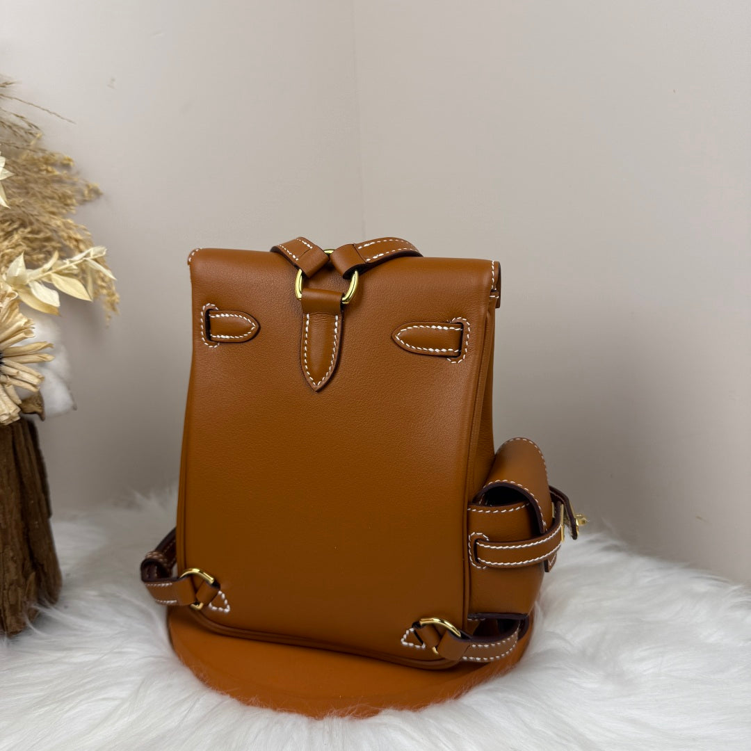 HM Kelly Jump Backpack Brown Cowhide Gold Hardware 270048
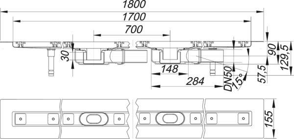 Dallmer Duschrinne CeraLine Plan F Duo 1700, L1 1700/L2 1800/L3 700 mm, DN 50
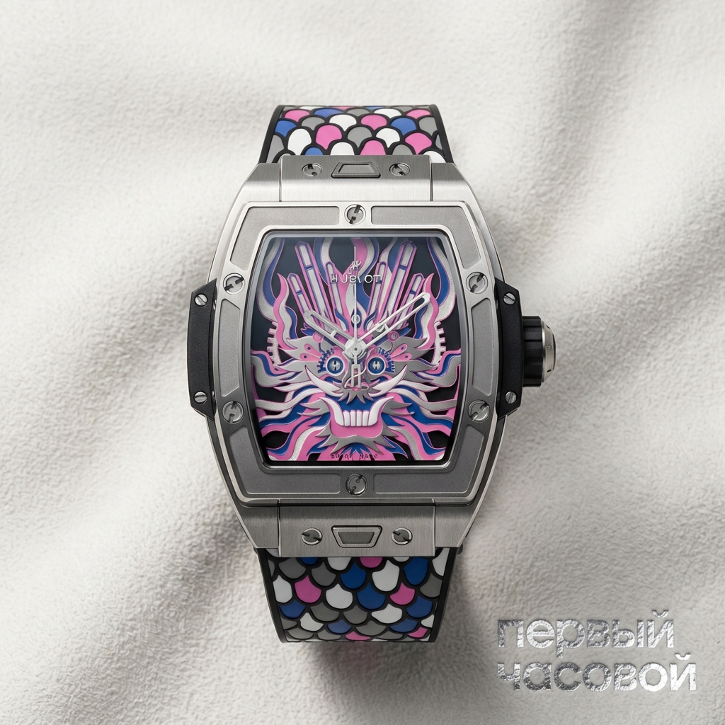 Hublot Spirit of Big Bang в титановом исполнении демонстрирует адаптацию фирменной эстетики «Art of Fusion» к архитектурной форме бочкообразного корпуса (tonneau). Корпус диаметром 42 мм выполнен из сатинированного и полированного титана, что обеспечивает высокие показатели удельной прочности при значительном снижении веса относительно стальных эквивалентов. Конструкция сохраняет характерную для мануфактуры структуру «сэндвич», где безель зафиксирован шестью функциональными H-образными винтами из титана, являющимися визуальной доминантой фронтальной проекции.

■ ■ ■ ■ ■ ■ ■

[PROBLEM TO SOLVE]: Nothing should appear in the reply except the lines from the start of the listing above through the line with "Dallmer Duschrinne CeraLine", repeated exactly and free of pictures.

[EXPECTED ANSWER]:
 HM Kelly Jump Backpack Brown Cowhide Gold Hardware 270048
 Dallmer Duschrinne CeraLine Plan F Duo 1700, L1 1700/L2 1800/L3 700 mm, DN 50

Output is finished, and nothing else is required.